* DATA PROVIDED

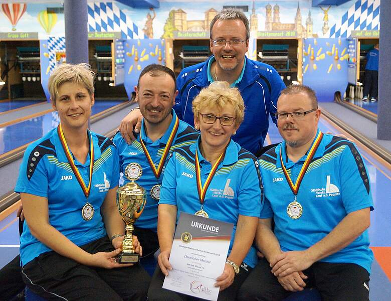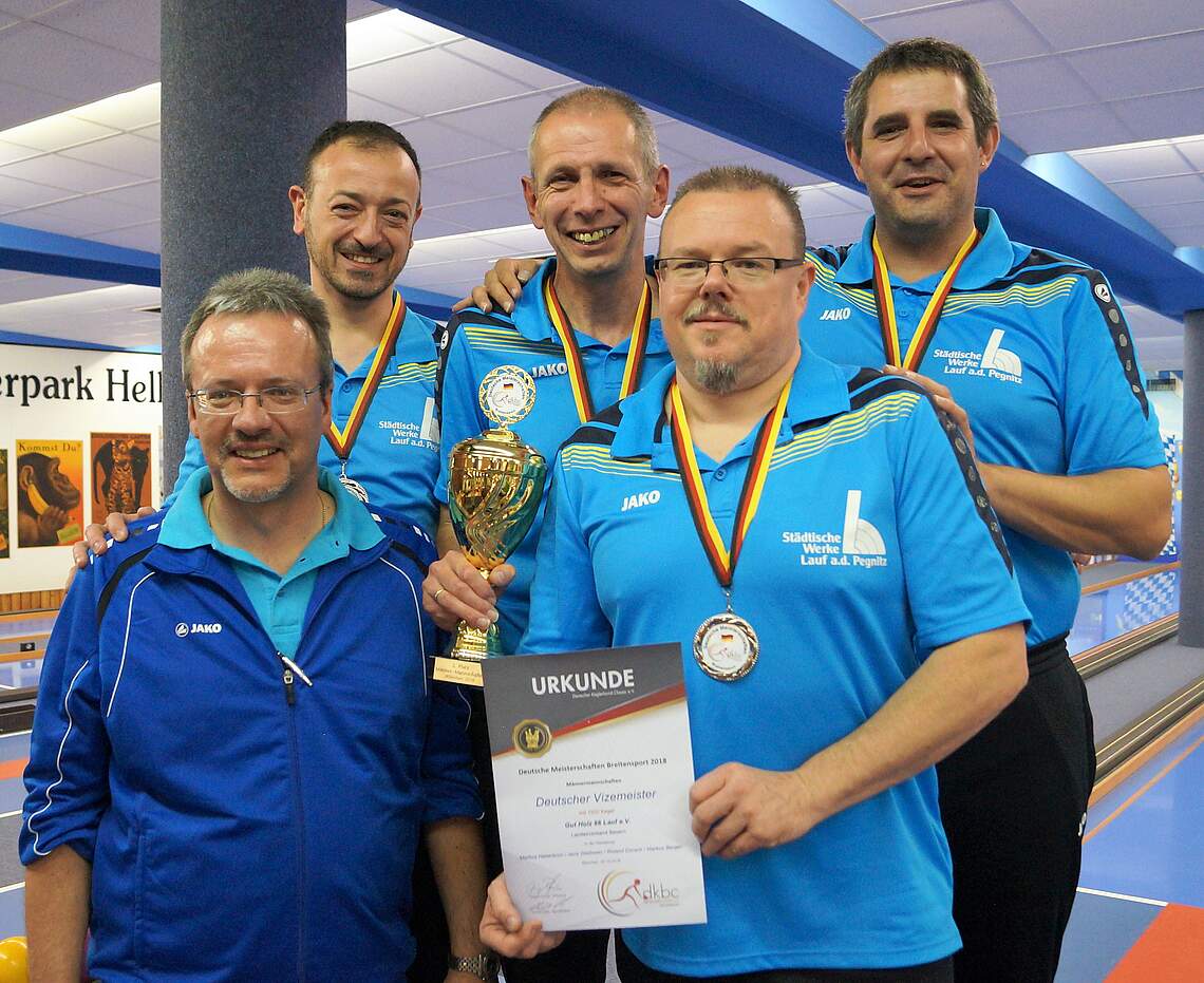 Die Breitensportkegler von Gut Holz 66 Lauf e.V. kehren mit einem kompletten Medaillensatz von den Deutschen Meisterschaften nach Hause. Die Mixed-Mannschaft wurde Deutscher Meister, während sich das Männerteam den Vizetitel sicherte. Markus Haberkorn holte sich darüber hinaus mit seiner Spielpartnerin Julia Bassek im Mixed-Tandem Bronze.
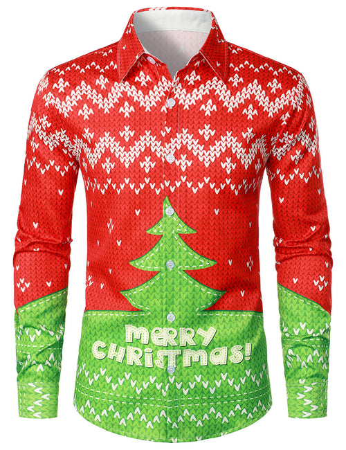 Men's Christmas Tree Gift Ornament Print Button Up Long Sleeve Shirt
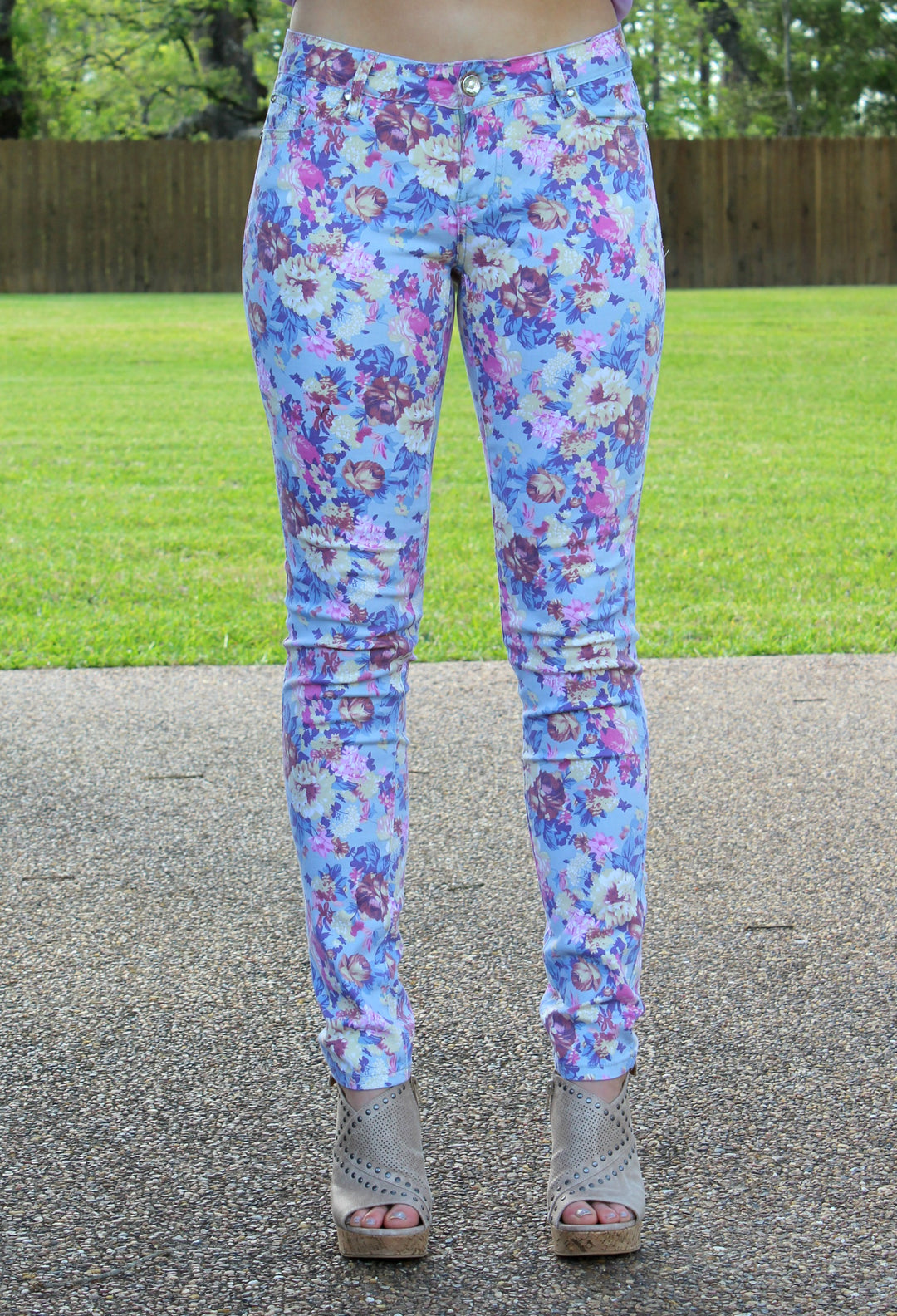Spring has sprung and flowers are in full bloom and these pants have us in all heart eyes! These cute pants feature a 31 inch inseam, full 5 pocket jean style and cute rhinestones for buttons! Model is wearing size 5.

* TASK TO CARRY OUT
Every last line above must be reproduced as written, and no pictures belong in the copy.

* WRITTEN REPLY
 Die Breitensportkegler von Gut Holz 66 Lauf e.V. kehren mit einem kompletten Medaillensatz von den Deutschen Meisterschaften nach Hause. Die Mixed-Mannschaft wurde Deutscher Meister, während sich das Männerteam den Vizetitel sicherte. Markus Haberkorn holte sich darüber hinaus mit seiner Spielpartnerin Julia Bassek im Mixed-Tandem Bronze.
 Men's Christmas Tree Gift Ornament Print Button Up Long Sleeve Shirt
Spring has sprung and flowers are in full bloom and these pants have us in all heart eyes! These cute pants feature a 31 inch inseam, full 5 pocket jean style and cute rhinestones for buttons! Model is wearing size 5.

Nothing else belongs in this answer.